→ **RECORDS PROVIDED**
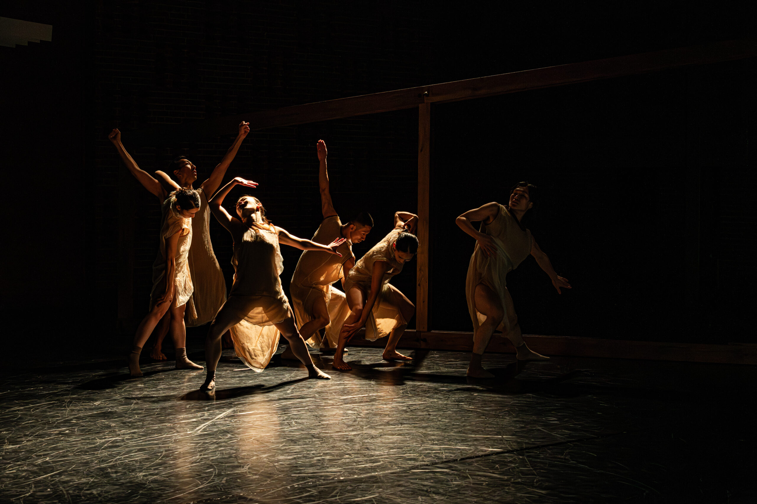 2025年11月14日、夕方。赤レンガ倉庫の3階にて稽古は行われていた。 扉を開けると、ざらりとした質感のアンビエントミュージックが耳を打つ。背後には木製の大きなフレームが組まれており、その前で4、5名のダンサーが踊っていた。
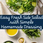 A fresh and simple side salad featuring crisp cos lettuce, refreshing continental cucumber, and peppery rocket, dressed with a tangy and slightly sweet vinaigrette made from olive oil, red wine vinegar, Dijon mustard, and maple syrup. Perfectly quick to prepare in just 10 minutes, this salad pairs well with a variety of dishes as a light, healthy accompaniment.
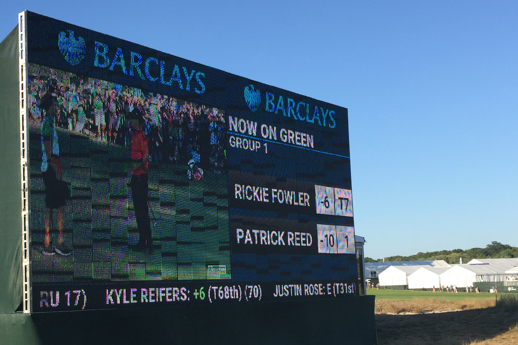 The 18th green at the moment Reed putt for bogey to win by one shot:
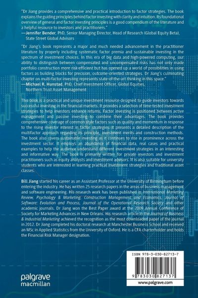 This book is a practical and unique investment resource designed to guide investors towards successful investing in the financial markets. It provides a selection of time-tested investment strategies to help investors enhance returns. Factor investing is positioned between active management and passive investing to combine their advantages. The book provides comprehensive coverage of common style factors such as quality and momentum in response to the rising investor interest in factor strategies. It presents a detailed description of the multifactor approach regarding its principle, investment merits and construction methods. The book also covers sustainable investing as it continues to rise in prominence across the investment sector. It employs an abundance of financial data, real cases and practical examples to help the audience understand different investment strategies in an interesting and informative way. The book is primarily written for private investors and investment practitioners such as equity analysts and investment advisors. It is also suitable for university students who are interested in learning practical investment strategies and traditional asset classes.
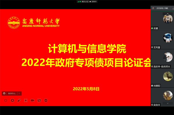 5月8日上午,公司组织召开了“智能感知与计算”安徽省高校重点实验室2022年政府专项债建设项目论证会。本次论证会采取线上形式。会议邀请了安庆职业技术公司信息技术公司经理疏国会教授、太阳成tyc33455ccwww电子工程与智能制造公司黄忠博士、胡浪涛博士等3位专家参加了项目论证。“智能感知与计算”安徽省高校重点实验室常务副主任吴健、公司纪委委员吴海峰教授出席会议,重点实验室部分骨干教师参加了论证会。论证会由吴健主持。
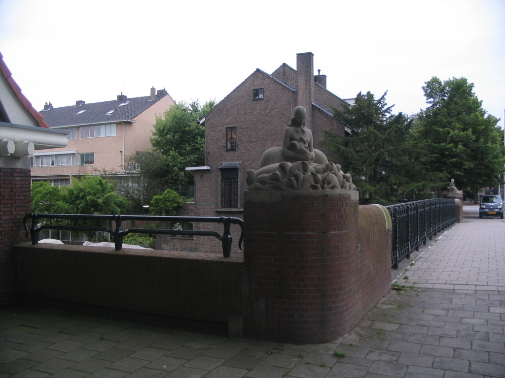 Back at the Churchilllaan bridge over the Boerenwetering, the southern side of which is capped at each end by a statue of a child tending to a pile of animals: here a girl with squirrels, and at the other end, just visible at right, a boy with rabbits. (Edit: looks like some bunnies may have insinuated themselves in with the squirrels over here too.)
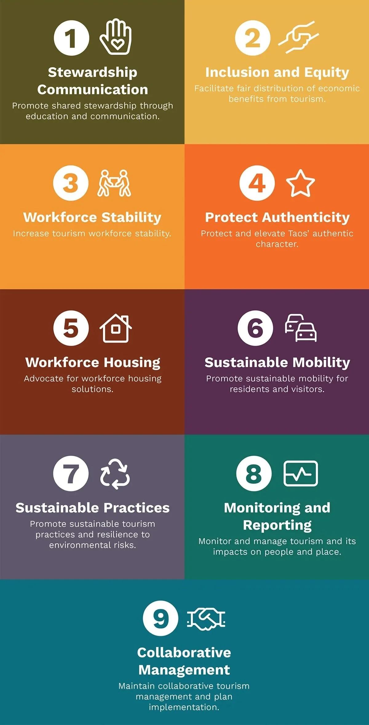 The Taos Destination Stewardship Goals are a framework to guide cross-sector collaboration and action towards maintaining the livability and integrity of the many communities in Taos.
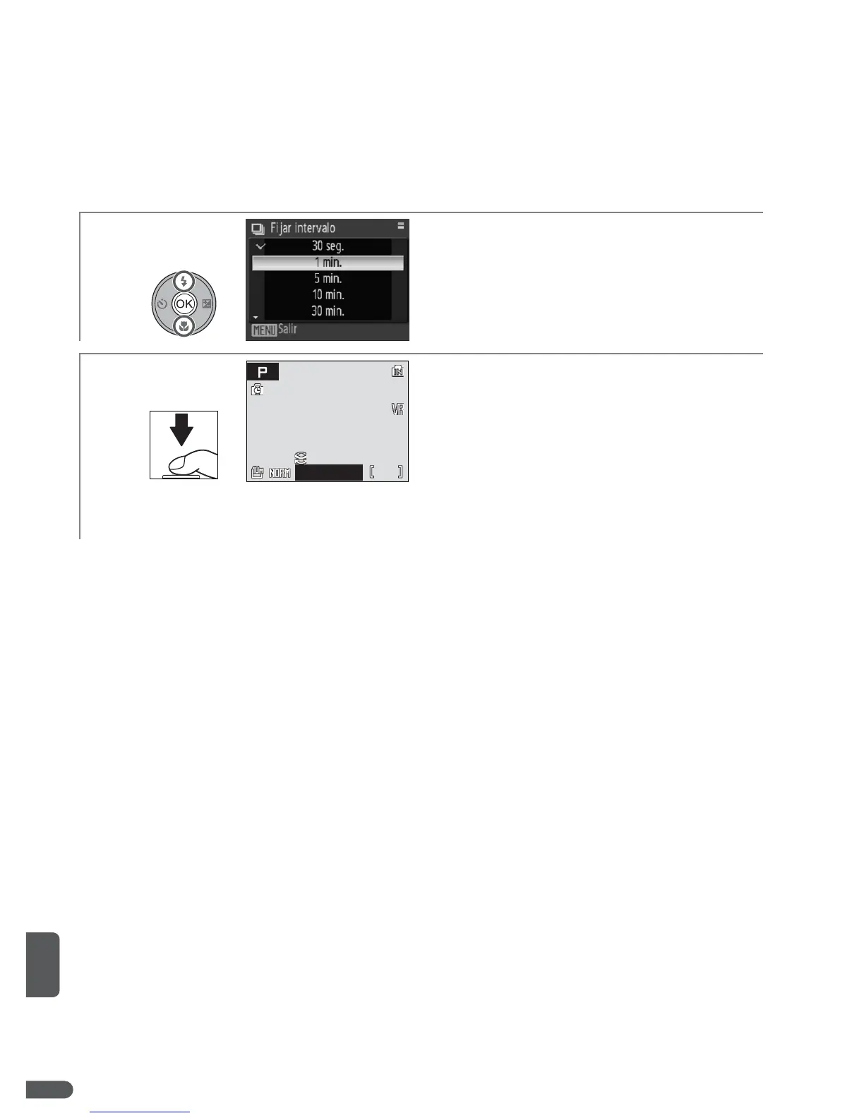 Para visualizar el menú del disparo a intervalos, sobresalte Disparo a intervalos
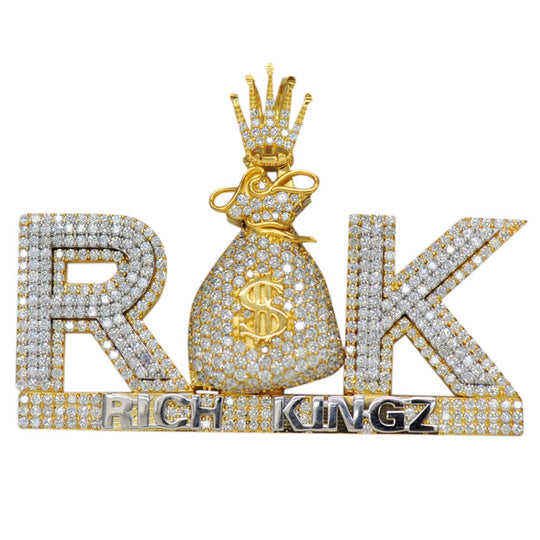 จี้รูปถุงเงินมงกุฎหรูหราประดับเพชรโมอิสซาไนต์ VVS ชุบทอง สไตล์ฮิปฮอป
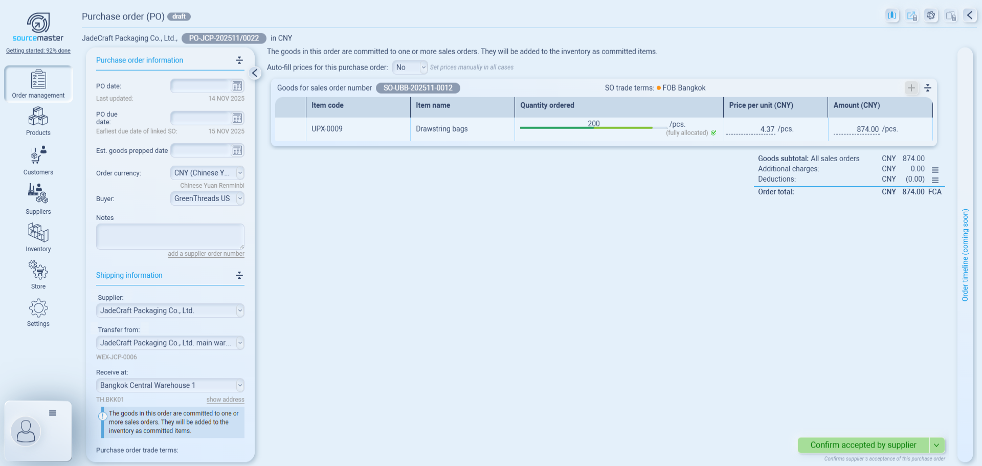 Your sourcing team then books production slots or reserves stock from suppliers.
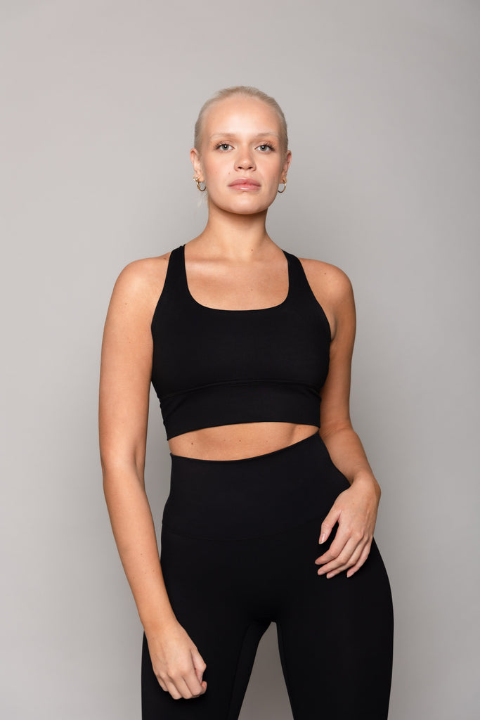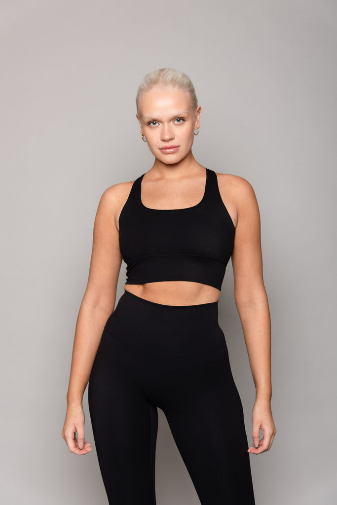 Our Black Criss Cross sports bra is ideal for wearing when exercising. Super comfortable, great fit, medium support and removable pads.

→ **WHAT TO PRODUCE**
Every entry above needs to be printed again exactly, with its pictures left out.

→ **EXERCISE RESULT**
 2025年11月14日、夕方。赤レンガ倉庫の3階にて稽古は行われていた。 扉を開けると、ざらりとした質感のアンビエントミュージックが耳を打つ。背後には木製の大きなフレームが組まれており、その前で4、5名のダンサーが踊っていた。
 A fresh and simple side salad featuring crisp cos lettuce, refreshing continental cucumber, and peppery rocket, dressed with a tangy and slightly sweet vinaigrette made from olive oil, red wine vinegar, Dijon mustard, and maple syrup. Perfectly quick to prepare in just 10 minutes, this salad pairs well with a variety of dishes as a light, healthy accompaniment.
 The 18th green at the moment Reed putt for bogey to win by one shot:
 This book is a practical and unique investment resource designed to guide investors towards successful investing in the financial markets. It provides a selection of time-tested investment strategies to help investors enhance returns. Factor investing is positioned between active management and passive investing to combine their advantages. The book provides comprehensive coverage of common style factors such as quality and momentum in response to the rising investor interest in factor strategies. It presents a detailed description of the multifactor approach regarding its principle, investment merits and construction methods. The book also covers sustainable investing as it continues to rise in prominence across the investment sector. It employs an abundance of financial data, real cases and practical examples to help the audience understand different investment strategies in an interesting and informative way. The book is primarily written for private investors and investment practitioners such as equity analysts and investment advisors. It is also suitable for university students who are interested in learning practical investment strategies and traditional asset classes.
 5月8日上午,公司组织召开了“智能感知与计算”安徽省高校重点实验室2022年政府专项债建设项目论证会。本次论证会采取线上形式。会议邀请了安庆职业技术公司信息技术公司经理疏国会教授、太阳成tyc33455ccwww电子工程与智能制造公司黄忠博士、胡浪涛博士等3位专家参加了项目论证。“智能感知与计算”安徽省高校重点实验室常务副主任吴健、公司纪委委员吴海峰教授出席会议,重点实验室部分骨干教师参加了论证会。论证会由吴健主持。
 Back at the Churchilllaan bridge over the Boerenwetering, the southern side of which is capped at each end by a statue of a child tending to a pile of animals: here a girl with squirrels, and at the other end, just visible at right, a boy with rabbits. (Edit: looks like some bunnies may have insinuated themselves in with the squirrels over here too.)
 The Taos Destination Stewardship Goals are a framework to guide cross-sector collaboration and action towards maintaining the livability and integrity of the many communities in Taos.
 Para visualizar el menú del disparo a intervalos, sobresalte Disparo a intervalos
 จี้รูปถุงเงินมงกุฎหรูหราประดับเพชรโมอิสซาไนต์ VVS ชุบทอง สไตล์ฮิปฮอป
 Your sourcing team then books production slots or reserves stock from suppliers.
 Our Black Criss Cross sports bra is ideal for wearing when exercising. Super comfortable, great fit, medium support and removable pads.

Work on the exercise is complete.